When the survey participant selected the **Other* option, he could type in the other function name. In this notebook, I will not analyse the answers provided in free text form.

Setting up the technical environment

To conduct this data analysis, we first need to setup our technical environment.

# Set console to English
Sys.setenv(LANG = "en");

# Install R packages as needed
if(!require("eulerr")) install.packages("eulerr");
if(!require("tidyr")) install.packages("tidyr");
if(!require("RCurl")) install.packages("RCurl");
if(!require("plyr")) install.packages("plyr");
if(!require("knitr")) install.packages("knitr");

# Load libraries
library(eulerr);
library(tidyr);
library(RCurl);
library(plyr);
library(knitr);

Retrieve the data

Then we need to load the survey data.
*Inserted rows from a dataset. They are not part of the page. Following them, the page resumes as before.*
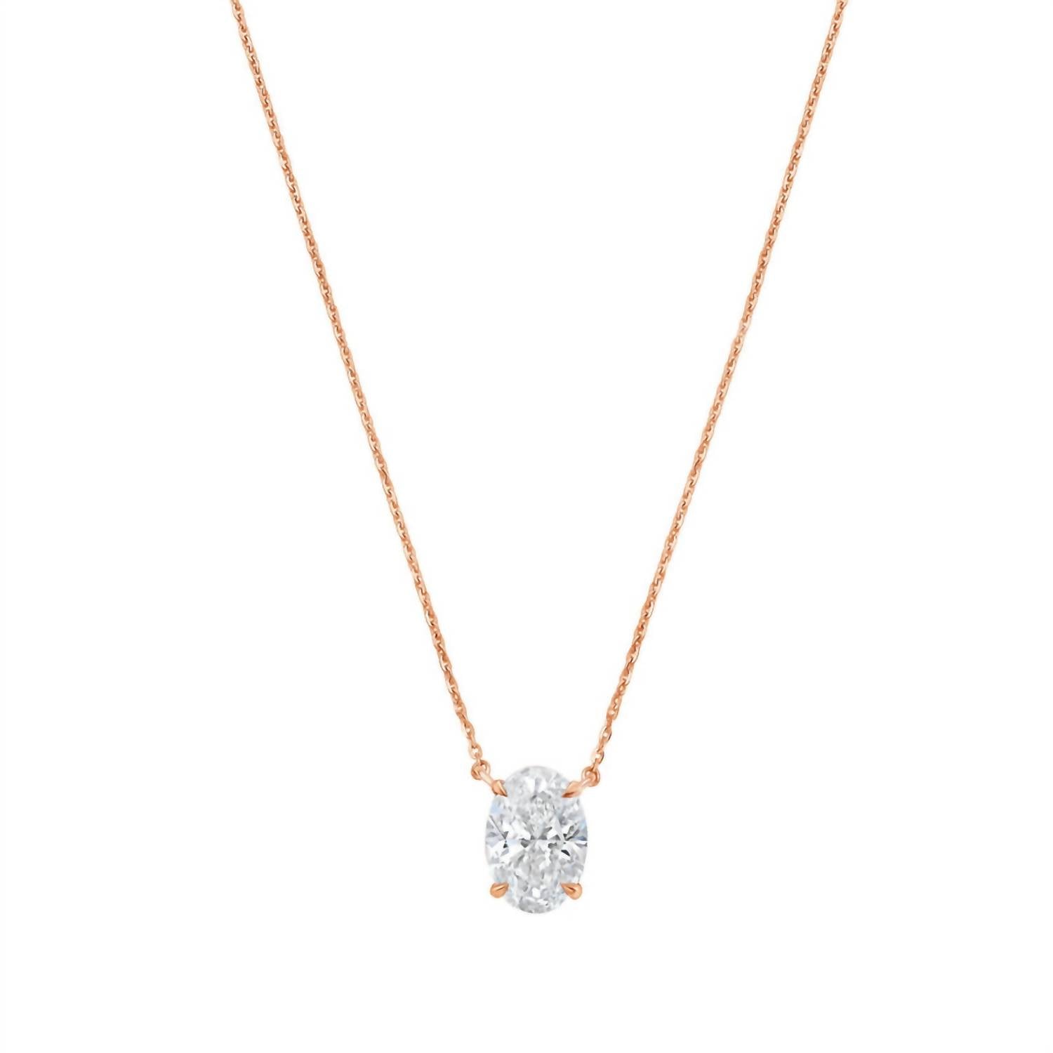 Both understated and impactful, you'll be reaching for this one-of-a-kind necklace season after season. Experience the elegance of the Diana M Jewels 1.00 Ct Lab-grown Oval-cut East–west Diamond Pendant Necklace. Crafted from 14kt rose gold, this fine necklace features a lab-grown diamond with a carat weight of 1.00, boasting a dazzling D-F color grade and very slightly included clarity. The oval-shaped diamond is securely set in a prong setting, accentuating its colorless brilliance. It is fitted with a lobster clasp for secure wear. This necklace epitomizes sophistication and meticulous craftsmanship, perfect for those who appreciate fine jewelry.
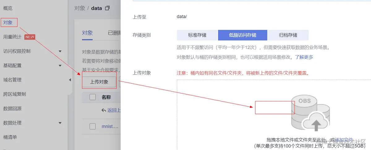 进入到OBS控制台中,如果没有OBS桶,需要创建一个,如果已有桶,在该桶下新建一个data文件夹,把已下载好的训练数据上传至该OBS文件夹中。
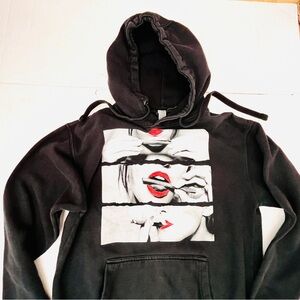 Very cozy- perfectly broken in with some wash fading to the color. Has a drawstring at hood, kangaroo pocket. 3 stacked Images are of a woman smoking , wearing red lipstick.

In accordance with the Open Source and Open Data spirit of the Open-Measure project, all data is publicly available on GitHub.

# Configuration options
survey_url = "https://raw.githubusercontent.com/Open-Measure/Open-Data/master/IAMPerf2020-Dataset/IAMPerf2020.csv";
question_number = 22;

# Download the survey data from GitHub
survey_raw <- RCurl::getURL(survey_url);

# Interpret the CSV to get structured data
survey_data <- read.csv (text = survey_raw);

# In the original survey data, 
# we are interested in question 22: Reporting line of the line manager.
# The column names corresponding to the question options are prefixed with Q22.
# The column names of the options ("CFO", "CISO", ...) are suffixed with Ax.
# Here is the mapping table:
# Q22A1: CFO
# Q22A2: CISO
# Q22A3: CIO
# Q22A4: COO
# Q22A5: CEO
# Q22A6: Other
# Q22A7: I don't know

# Pick only the columns we are interested in,
# and rename columns to friendly names in the process.
question_data = data.frame(
  CFO = survey_data$Q22A1,
  CISO = survey_data$Q22A2,
  CIO = survey_data$Q22A3,
  COO = survey_data$Q22A4,
  CEO = survey_data$Q22A5,
  Other = survey_data$Q22A6
);

# Note: in the survey data, column Q22A7 is the "I don't know" option.
# We discard it here on purpose as "NA".

knitr::kable(head(question_data))
CFO CISO CIO COO CEO Other
NA 1 NA NA NA NA
NA NA NA NA NA NA
NA NA NA NA NA NA
NA NA NA NA NA 1
NA 1 NA NA NA 1
NA 1 1 NA NA NA

As we can see, we have a table structure with one row per survey answer and one column per selectable option. When the option was selected by the participant, it takes value 1 and N/A otherwise.

Note that options are not exclusive. In consequence we may find both single-valued answers and multi-valued answers.

Basic counting

Let’s count how many times every option was selected, independently on whether the options come from single-valued answers or multi-valued answers.

# Some basic stats.
n = nrow(question_data)

# We may use the sum function because a selected option correspond to a value of 1.
option_count = c(
  CFO = sum(!is.na(question_data$CFO)),
  CISO = sum(!is.na(question_data$CISO)),
  CIO = sum(!is.na(question_data$CIO)),
  COO = sum(!is.na(question_data$COO)),
  CEO = sum(!is.na(question_data$CEO)),
  Other = sum(!is.na(question_data$Other))
  );

knitr::kable(data.frame(t(sort(option_count, decreasing = TRUE))));
CISO CIO Other COO CEO CFO
42 15 13 7 2 0

We immediately spot the high frequency of the CISO reporting line, followed by the CIO.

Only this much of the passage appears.